• Stored entries:
● ● ●

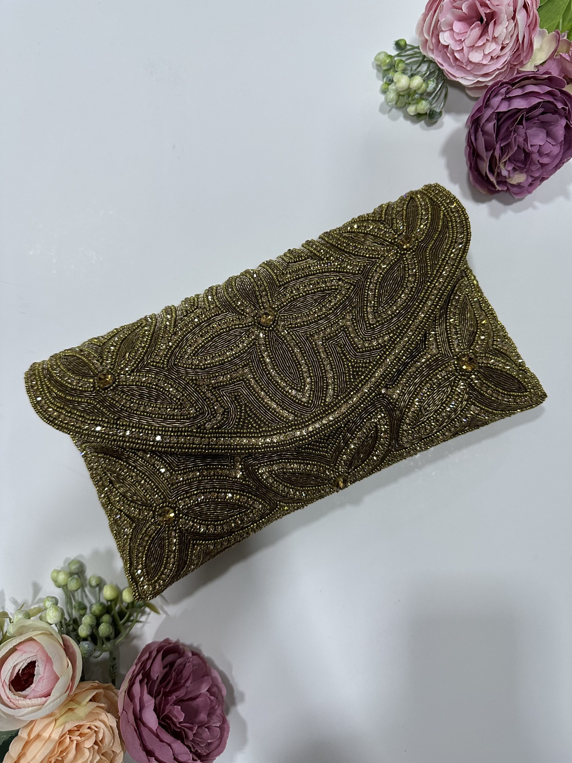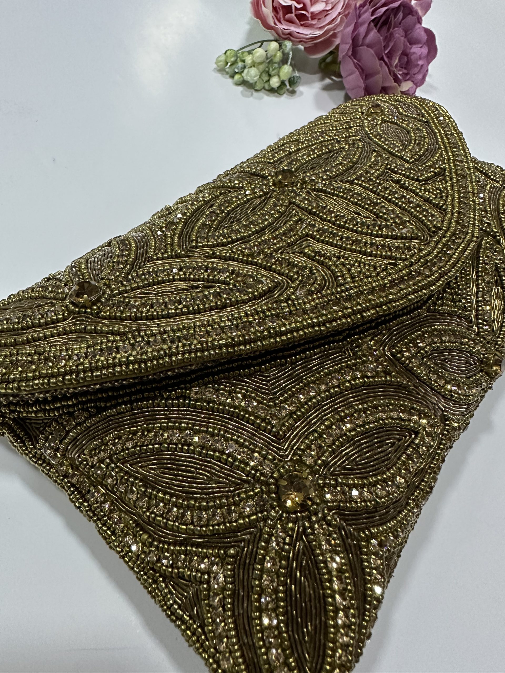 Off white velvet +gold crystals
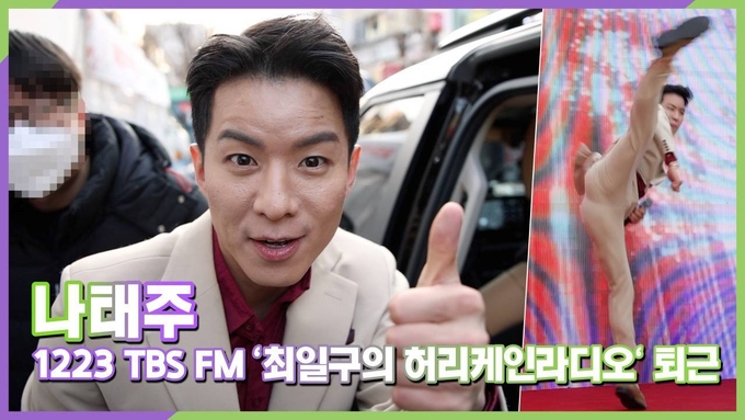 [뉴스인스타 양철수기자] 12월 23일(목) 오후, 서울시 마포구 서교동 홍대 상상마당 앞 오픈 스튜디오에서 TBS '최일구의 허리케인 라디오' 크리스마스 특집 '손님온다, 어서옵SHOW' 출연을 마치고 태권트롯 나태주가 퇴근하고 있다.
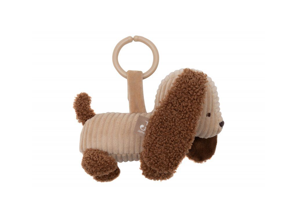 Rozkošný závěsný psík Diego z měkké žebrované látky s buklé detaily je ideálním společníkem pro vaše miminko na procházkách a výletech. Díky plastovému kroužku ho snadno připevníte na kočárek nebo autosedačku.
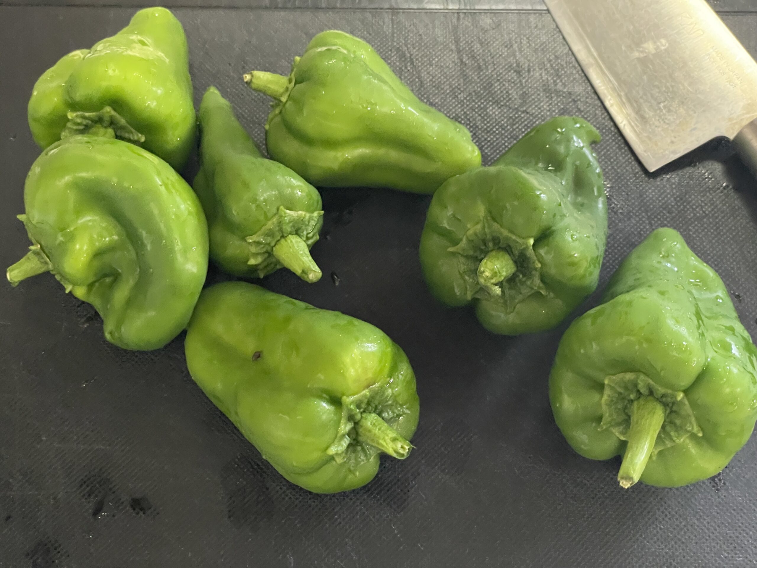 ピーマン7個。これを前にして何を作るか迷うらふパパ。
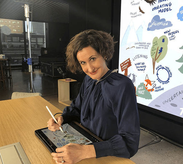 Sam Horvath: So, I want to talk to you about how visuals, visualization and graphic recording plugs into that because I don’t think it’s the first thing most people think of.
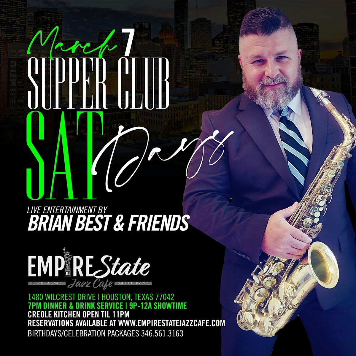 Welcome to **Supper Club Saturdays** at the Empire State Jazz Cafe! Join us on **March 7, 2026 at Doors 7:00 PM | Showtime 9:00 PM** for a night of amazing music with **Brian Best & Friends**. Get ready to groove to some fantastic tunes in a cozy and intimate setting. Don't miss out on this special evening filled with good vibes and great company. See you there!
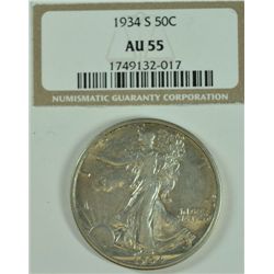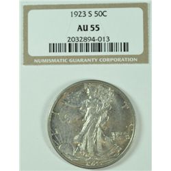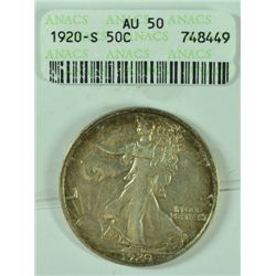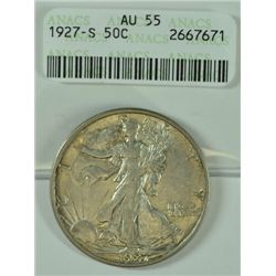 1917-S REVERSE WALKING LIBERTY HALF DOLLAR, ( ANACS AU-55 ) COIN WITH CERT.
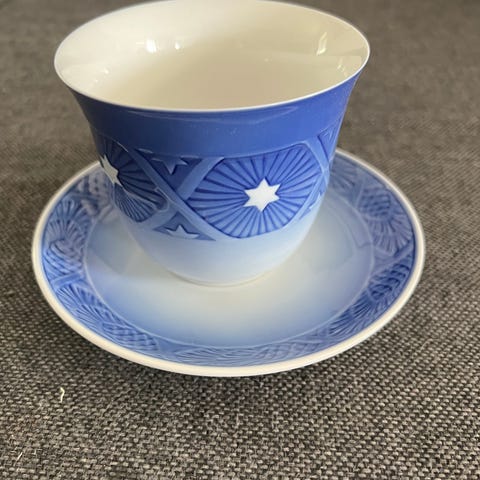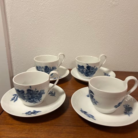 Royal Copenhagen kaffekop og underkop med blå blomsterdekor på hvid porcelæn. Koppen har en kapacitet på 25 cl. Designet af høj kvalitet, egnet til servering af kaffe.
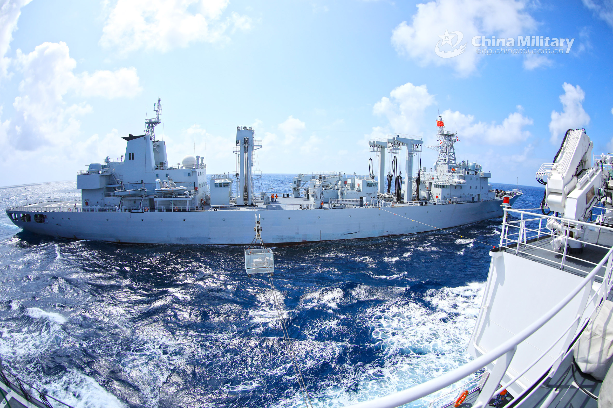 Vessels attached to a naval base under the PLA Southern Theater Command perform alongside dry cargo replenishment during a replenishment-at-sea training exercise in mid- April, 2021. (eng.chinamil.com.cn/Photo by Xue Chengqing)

● ● ●

• WHAT YOU SHOULD DO:
Set the records down again word for word; the pictures stay out.

• WRITTEN SOLUTION:
 Off white velvet +gold crystals
 [뉴스인스타 양철수기자] 12월 23일(목) 오후, 서울시 마포구 서교동 홍대 상상마당 앞 오픈 스튜디오에서 TBS '최일구의 허리케인 라디오' 크리스마스 특집 '손님온다, 어서옵SHOW' 출연을 마치고 태권트롯 나태주가 퇴근하고 있다.
 Rozkošný závěsný psík Diego z měkké žebrované látky s buklé detaily je ideálním společníkem pro vaše miminko na procházkách a výletech. Díky plastovému kroužku ho snadno připevníte na kočárek nebo autosedačku.
 ピーマン7個。これを前にして何を作るか迷うらふパパ。
 Sam Horvath: So, I want to talk to you about how visuals, visualization and graphic recording plugs into that because I don’t think it’s the first thing most people think of.
 Welcome to **Supper Club Saturdays** at the Empire State Jazz Cafe! Join us on **March 7, 2026 at Doors 7:00 PM | Showtime 9:00 PM** for a night of amazing music with **Brian Best & Friends**. Get ready to groove to some fantastic tunes in a cozy and intimate setting. Don't miss out on this special evening filled with good vibes and great company. See you there!
 1917-S REVERSE WALKING LIBERTY HALF DOLLAR, ( ANACS AU-55 ) COIN WITH CERT.
 Royal Copenhagen kaffekop og underkop med blå blomsterdekor på hvid porcelæn. Koppen har en kapacitet på 25 cl. Designet af høj kvalitet, egnet til servering af kaffe.
 Vessels attached to a naval base under the PLA Southern Theater Command perform alongside dry cargo replenishment during a replenishment-at-sea training exercise in mid- April, 2021. (eng.chinamil.com.cn/Photo by Xue Chengqing)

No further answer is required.